** Opening Provided records block **

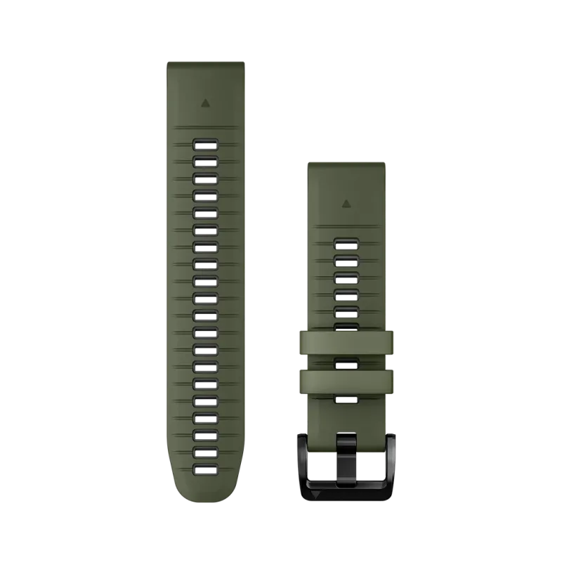 Denne moss-farget/grafittfarget silikonremmen passer for Garmin-modeller som har 22 mm i bredde mellom lugsene. Se spesifikke modeller under.
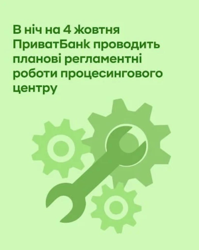 Крупнейший украинский банк "ПриватБанк" в ночь на 4 октября 2025 года проведет плановое техническое обслуживание процессинговой системы, сообщают представители финучреждения.
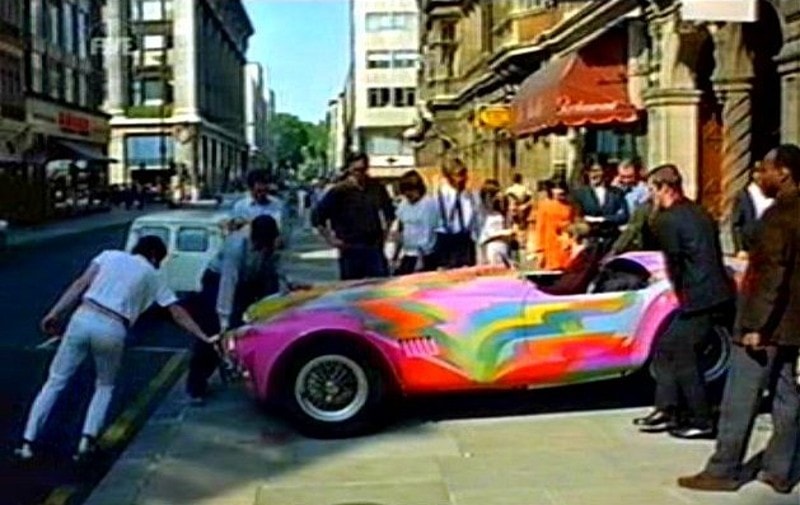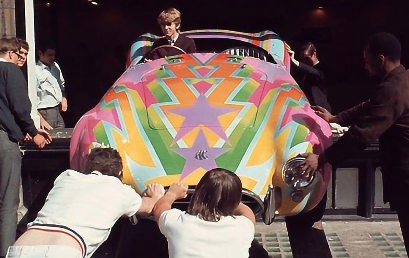 Une introduction de Tara Browne les a amenés à peindre le “Magic Piano” de Paul McCartney (qu’il utilise toujours). Au cours de l’été 1966, la COB6017 a subit sa transformation multicolore. La publicité qu’elle reçut fut telle qu’en septembre, elle fut exposé à la Robert Fraser Gallery de Duke Street, Mayfair, en tant qu’œuvre d’art à part entière. Faire entrer la voiture dans la galerie fut un défi car elle ne passait pas par la porte d’entrée. La seule option était d’enlever le verre de la fenêtre de la galerie et, avec l’aide de plusieurs hommes forts, de manipuler la voiture sur une paire de planches de bois fragiles, au-dessus du mur avant et du côté opposé. Tara Browne était assis au volant pour diriger. La façon dont la voiture et le conducteur ont survécu indemnes est un mystère.
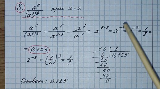 8) Найдите значение выражения а^6/(а^3)^3 при а=2. ОГЭ по математике 2023. Канал Математика бесплатно.
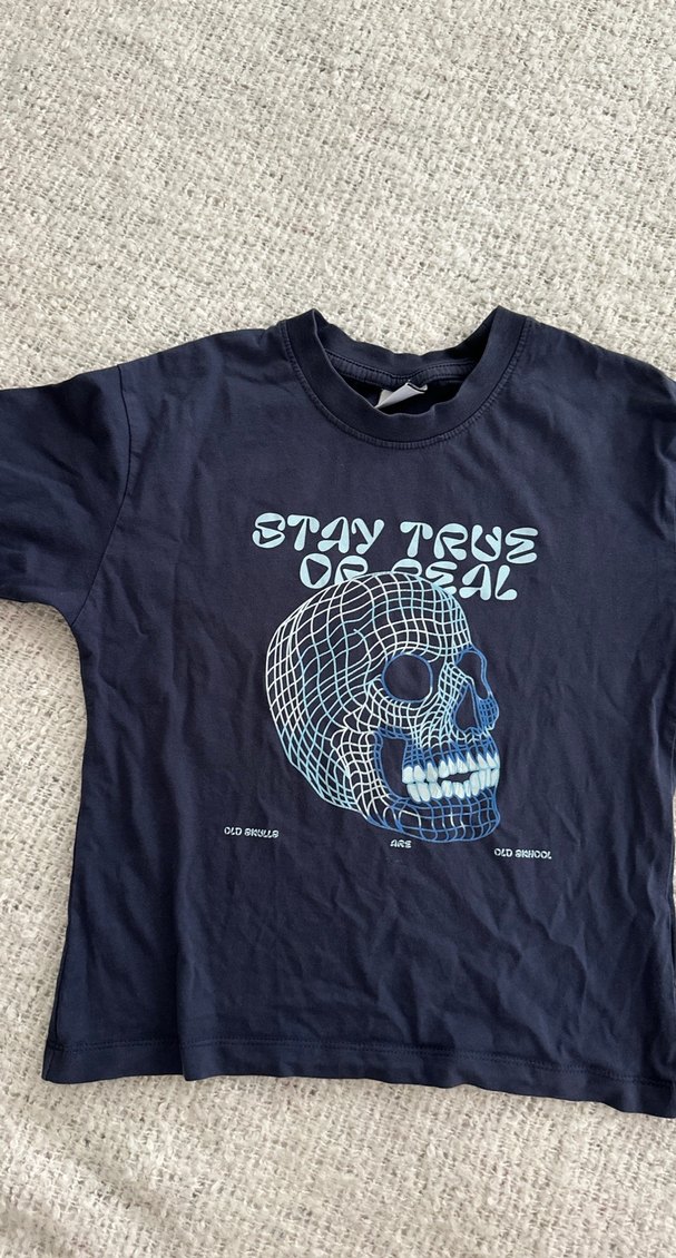 Erkek çocuklar için bol kesim, kısa kollu ve bisiklet yaka tişört. Denim kumaştan, mavi renkli baskılı kafatası ve "STAY TRUE" yazısı bulunur. 6-7 yaş.
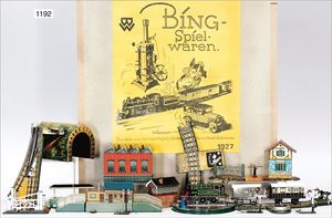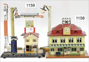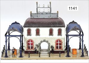 BING Bahnhof, mit 2 Bahnsteighallen, teils lithogr., teils handlackiert, Grundplatte 50 cm x 24 cm, Höhe 32 cm, dazu 3 Bahnhofsfiguren Heide, Guss, schöner Orig.-Zust.
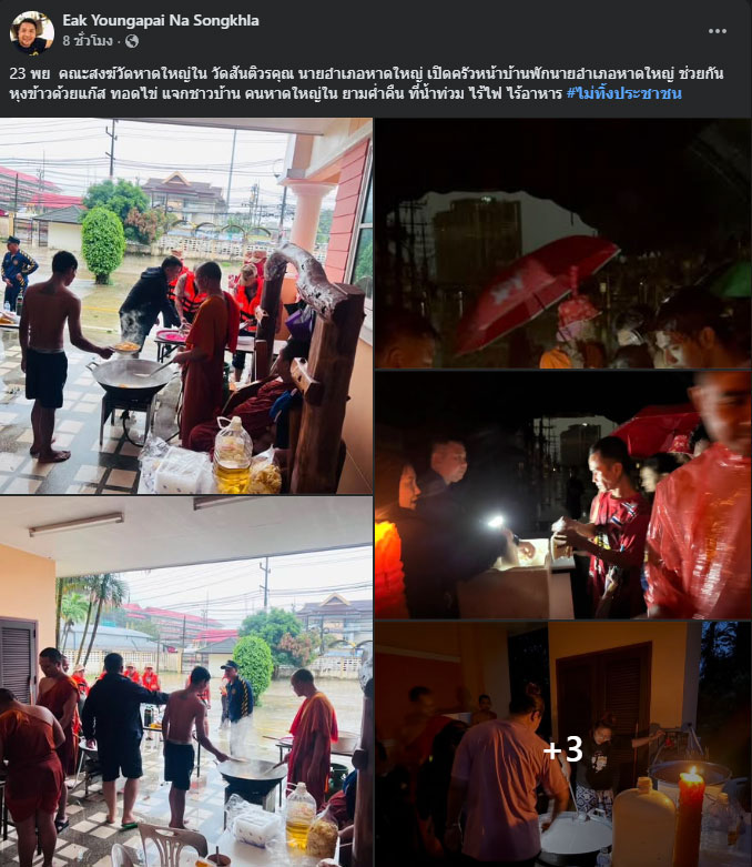 และต่อมา โพสต์ภาพ พร้อมข้อความ ระบุว่า 23 พ.ย.2568 คณะสงฆ์วัดหาดใหญ่ใน วัดสันติวรคุณ นายอำเภอหาดใหญ่ เปิดครัวหน้าบ้านพักนายอำเภอหาดใหญ่ ช่วยกันหุงข้าวด้วยแก๊ส ทอดไข่ แจกชาวบ้าน คนหาดใหญ่ใน ยามค่ำคืน ที่น้ำท่วม ไร้ไฟ ไร้อาหาร
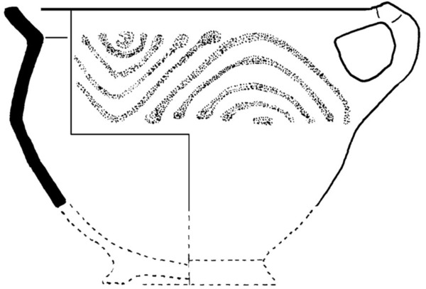 | 4b | bolle pispot met hoge schouder en geknikte rechte rand, standring |
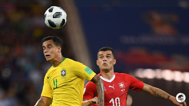 Сборная Бразилии сыграла вничью со сборной Швейцарии (1:1) в матче чемпионата мира-2018 в Ростове-на-Дону - 1:1. Счет открыл Филиппе Коутинью, который поразил ворота благодаря точному дальнему удару на 20-й минуте. Бывший полузащитник ЦСКА Стивен Цубер на 50-й минуте ударом головой восстановил равновесие.
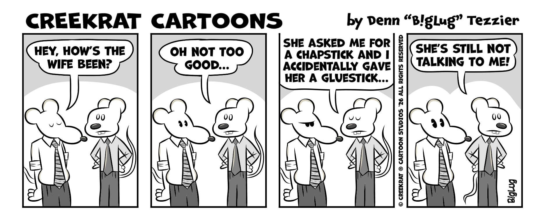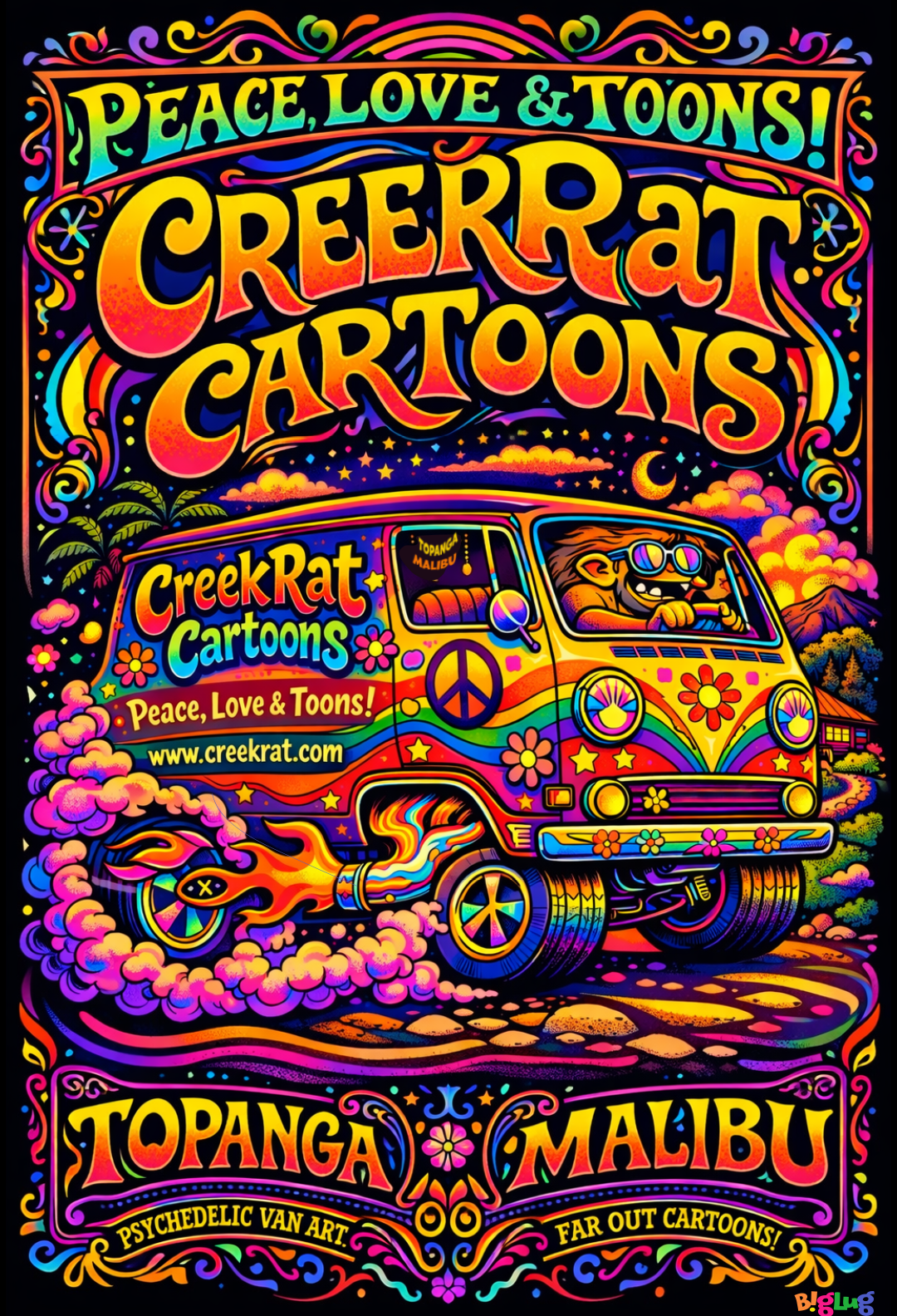 CREEK RAT MERCH DROP! ALWAYS ADDING MORE STUFF! CHECK IT OUT HERE! Back by Popular Demand! Our Creek Rat Company Vintage Mercury "Tower of Power" and "Power Beast" Tees & Mugs! Our Creek Rat Merch Drop Vintage Flagship T-Shirts & Ball Caps Available Online! Our Creek Rat Cartoon Studios Vintage Flagship T-Shirt in White! Our Creek Rat Cartoon Studios Vintage Flagship T-Shirt in Black! Our Creek Rat Cartoon Studios Vintage Flagship Ball Caps! Back in Stock! Our Creek Rat Camo Ball Caps! Hey Check Out Our Cool University of California Topanga Canyon Creek Rat Co. 1969-2026 Vintage-Inspired Clothing Collection! Our Creek Rat Company Vintage-Inspired Clothing Collection from Daze Gone By! Fer EZ Ordering of Original Creekrat CARtoon Studios Art, all youse gotta do is contact Denn "BigLug" Tezzier at Creekrat CARtoon Studios - email biglug@creekrat.com - phone/text +1.206.683.8682 and tell us what type of CARtoon youse need and include yer best descriptions, ideas and suggestions and provide us with as many examples and/or photos as youse can, etc! FREE ESTIMATES!

** Closing Provided records block **

• **Description of the task**
Return the records word for word, leaving every picture out of the copy.

• **Result for this task**
 Denne moss-farget/grafittfarget silikonremmen passer for Garmin-modeller som har 22 mm i bredde mellom lugsene. Se spesifikke modeller under.
 Крупнейший украинский банк "ПриватБанк" в ночь на 4 октября 2025 года проведет плановое техническое обслуживание процессинговой системы, сообщают представители финучреждения.
 Une introduction de Tara Browne les a amenés à peindre le “Magic Piano” de Paul McCartney (qu’il utilise toujours). Au cours de l’été 1966, la COB6017 a subit sa transformation multicolore. La publicité qu’elle reçut fut telle qu’en septembre, elle fut exposé à la Robert Fraser Gallery de Duke Street, Mayfair, en tant qu’œuvre d’art à part entière. Faire entrer la voiture dans la galerie fut un défi car elle ne passait pas par la porte d’entrée. La seule option était d’enlever le verre de la fenêtre de la galerie et, avec l’aide de plusieurs hommes forts, de manipuler la voiture sur une paire de planches de bois fragiles, au-dessus du mur avant et du côté opposé. Tara Browne était assis au volant pour diriger. La façon dont la voiture et le conducteur ont survécu indemnes est un mystère.
 8) Найдите значение выражения а^6/(а^3)^3 при а=2. ОГЭ по математике 2023. Канал Математика бесплатно.
 Erkek çocuklar için bol kesim, kısa kollu ve bisiklet yaka tişört. Denim kumaştan, mavi renkli baskılı kafatası ve "STAY TRUE" yazısı bulunur. 6-7 yaş.
 BING Bahnhof, mit 2 Bahnsteighallen, teils lithogr., teils handlackiert, Grundplatte 50 cm x 24 cm, Höhe 32 cm, dazu 3 Bahnhofsfiguren Heide, Guss, schöner Orig.-Zust.
 และต่อมา โพสต์ภาพ พร้อมข้อความ ระบุว่า 23 พ.ย.2568 คณะสงฆ์วัดหาดใหญ่ใน วัดสันติวรคุณ นายอำเภอหาดใหญ่ เปิดครัวหน้าบ้านพักนายอำเภอหาดใหญ่ ช่วยกันหุงข้าวด้วยแก๊ส ทอดไข่ แจกชาวบ้าน คนหาดใหญ่ใน ยามค่ำคืน ที่น้ำท่วม ไร้ไฟ ไร้อาหาร
 | 4b | bolle pispot met hoge schouder en geknikte rechte rand, standring |
 Сборная Бразилии сыграла вничью со сборной Швейцарии (1:1) в матче чемпионата мира-2018 в Ростове-на-Дону - 1:1. Счет открыл Филиппе Коутинью, который поразил ворота благодаря точному дальнему удару на 20-й минуте. Бывший полузащитник ЦСКА Стивен Цубер на 50-й минуте ударом головой восстановил равновесие.
 CREEK RAT MERCH DROP! ALWAYS ADDING MORE STUFF! CHECK IT OUT HERE! Back by Popular Demand! Our Creek Rat Company Vintage Mercury "Tower of Power" and "Power Beast" Tees & Mugs! Our Creek Rat Merch Drop Vintage Flagship T-Shirts & Ball Caps Available Online! Our Creek Rat Cartoon Studios Vintage Flagship T-Shirt in White! Our Creek Rat Cartoon Studios Vintage Flagship T-Shirt in Black! Our Creek Rat Cartoon Studios Vintage Flagship Ball Caps! Back in Stock! Our Creek Rat Camo Ball Caps! Hey Check Out Our Cool University of California Topanga Canyon Creek Rat Co. 1969-2026 Vintage-Inspired Clothing Collection! Our Creek Rat Company Vintage-Inspired Clothing Collection from Daze Gone By! Fer EZ Ordering of Original Creekrat CARtoon Studios Art, all youse gotta do is contact Denn "BigLug" Tezzier at Creekrat CARtoon Studios - email biglug@creekrat.com - phone/text +1.206.683.8682 and tell us what type of CARtoon youse need and include yer best descriptions, ideas and suggestions and provide us with as many examples and/or photos as youse can, etc! FREE ESTIMATES!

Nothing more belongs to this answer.